That said, we agree that consistent salient point labeling is crucial for scaling up SPHINX data collection. A promising direction for future work is offloading salient point detection to foundation models. For instance, recent models like MOLMO [2] excel at zero-shot semantic keypoint detection (i.e. “point to the ___” in an image, as shown here). This could be used to annotate salient points automatically and only have the demonstrator specify the corresponding waypoint action (offset + orientation + gripper state).
Re. noise in offset specification: Multimodality in teleoperated data is in general an open challenge works that do crowd-sourcing such as [3-5], regardless of the interface used (VR, puppeteering, Spacemouse), but we believe our data collection interface has several features in place to promote more consistent action labels. Our UI allows the demonstrator to adjust a waypoint action (offset/orientation) as much as they would like via simple clicks and drags on a gripper CAD model in the scene, before sending the controller to reach the final specified waypoint. We see this as a strength of our approach, as it allows the demonstrator to be precise with specification before any waypoint actions are executed (as opposed to retrying after being imprecise). The resulting trajectories are also relatively clean due to the linear controller.
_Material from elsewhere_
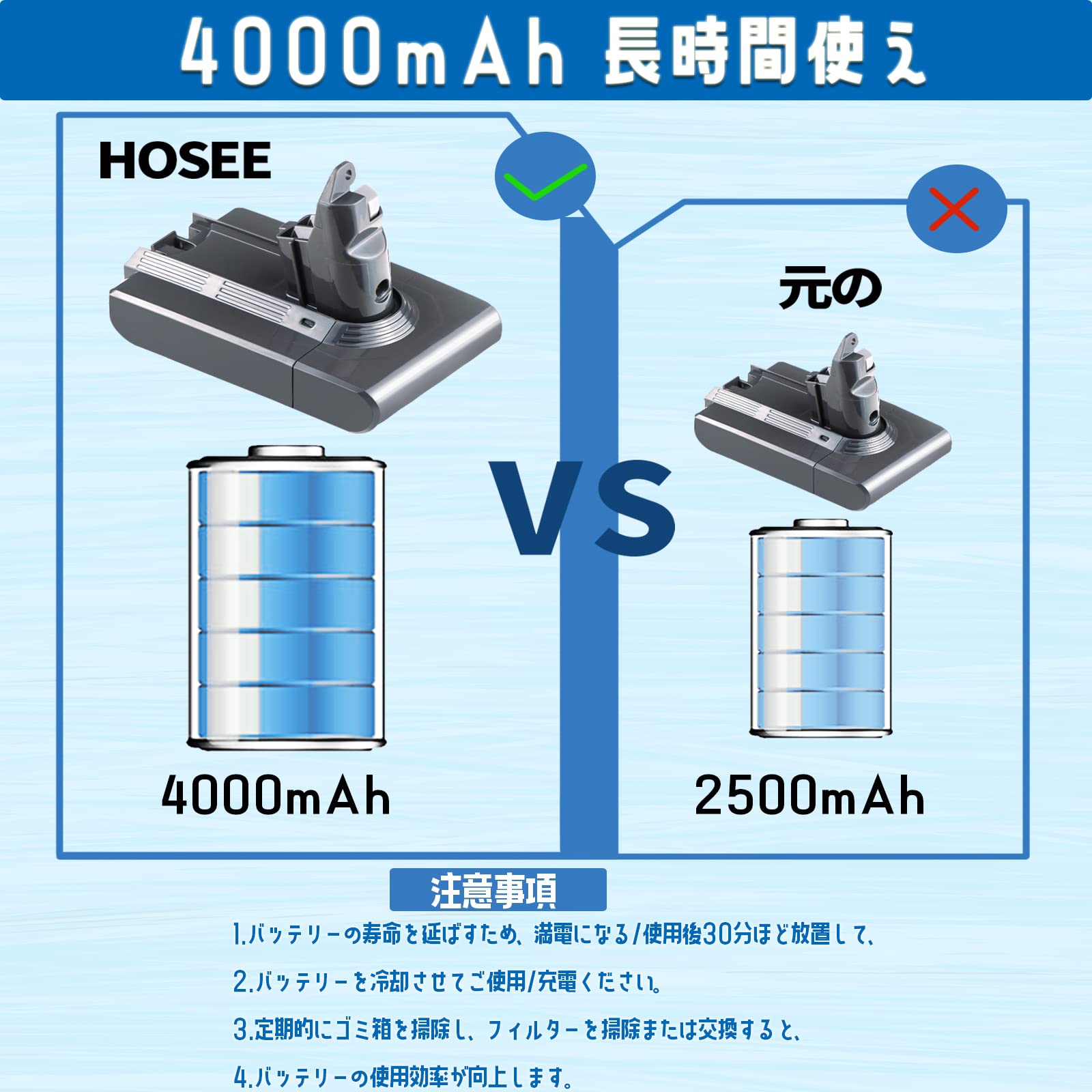 【長時間使え】容量:4000mAh 電圧:21.6Vのバッテリー付き、ブールフル充電の状態で約20分〜30分の使用ができ、十分の連続稼働時間を提供します。純正バッテリーに比べて同じ作業効率が確保うえ、長くお使い頂くことが出来て家事の負担が軽減されます。

[2] Deitke, Matt, et al. "Molmo and pixmo: Open weights and open data for state-of-the-art multimodal models." arXiv preprint arXiv:2409.17146 (2024).
[3] Mirchandani, Suvir, et al. "So You Think You Can Scale Up Autonomous Robot Data Collection?." CoRL 2024.
[4] Khazatsky, Alexander, et al. "Droid: A large-scale in-the-wild robot manipulation dataset." RSS 2024.
[5] pi0: A Vision-Language-Action Flow Model for General Robot Control [Pre-print]
Re. Baselines
Comparisons were somewhat weak.The authors assert that long-horizon goal prediction is not precise enough for this kind of imitation learning, but evidence from e.g. 3DDA, RPDiff, NDF, TAX-Pose, etc. demonstrate that the quasistatic problems considered in the real-world tasks are probably solvable with goal prediction.
The authors should compare against other methods on simulated benchmarks
Thank you for the suggestion! We note that NDF and TAX-Pose make 2 important assumptions which we do not make: (1) only rigid objects are manipulated which allows for the computation of cross-object poses and (2) access to multi-object segmentation. SPHINX makes neither of these assumptions, and specifically considers articulated object tasks such as opening a drawer or closing the coffee machine lid. For this rebuttal, we add a comparison with PerAct which does not make these assumptions (also requested by Reviewer 4), and we report the following results on the waypoint-only RoboMimic Can/Square tasks:
| Method | RoboMimic Can | RoboMimic Square |
|---|---|---|
| PerAct | 0.77 | 0.12 |
| Vanilla Waypoint | 0.70 | 0.13 |
| Vanilla Waypoint - Aux SP | 0.78 | 0.655 |
| SPHINX | 0.935 | 0.865 |
For the simpler Can task, PerAct achieves a success rate of 77%, comparable to the Vanilla Waypoint baseline. However, the Square task, which demands higher precision for grasping the tool and aligning it carefully with the pole, presents a greater challenge. Here, PerAct achieves only a 12% success rate, likely due to the voxelized input space introducing quantization errors. This is comparable with the Vanilla Waypoint approach (13%), which uses point clouds and directly predicts waypoints. For the same architecture, incorporating salient point classification as an auxiliary task significantly improves performance to 65.5% (Vanilla Waypoint, Aux SP). This large performance gap suggests the benefit of salient point prediction as an auxiliary task, which 3DDA, RPDiff, NDF, TAX-Pose critically lack. Finally, SPHINX, which leverages both salient point classification and additionally offset prediction, achieves the highest success rate of 86.5%, demonstrating the combined effectiveness of both in tasks requiring a high degree of precision.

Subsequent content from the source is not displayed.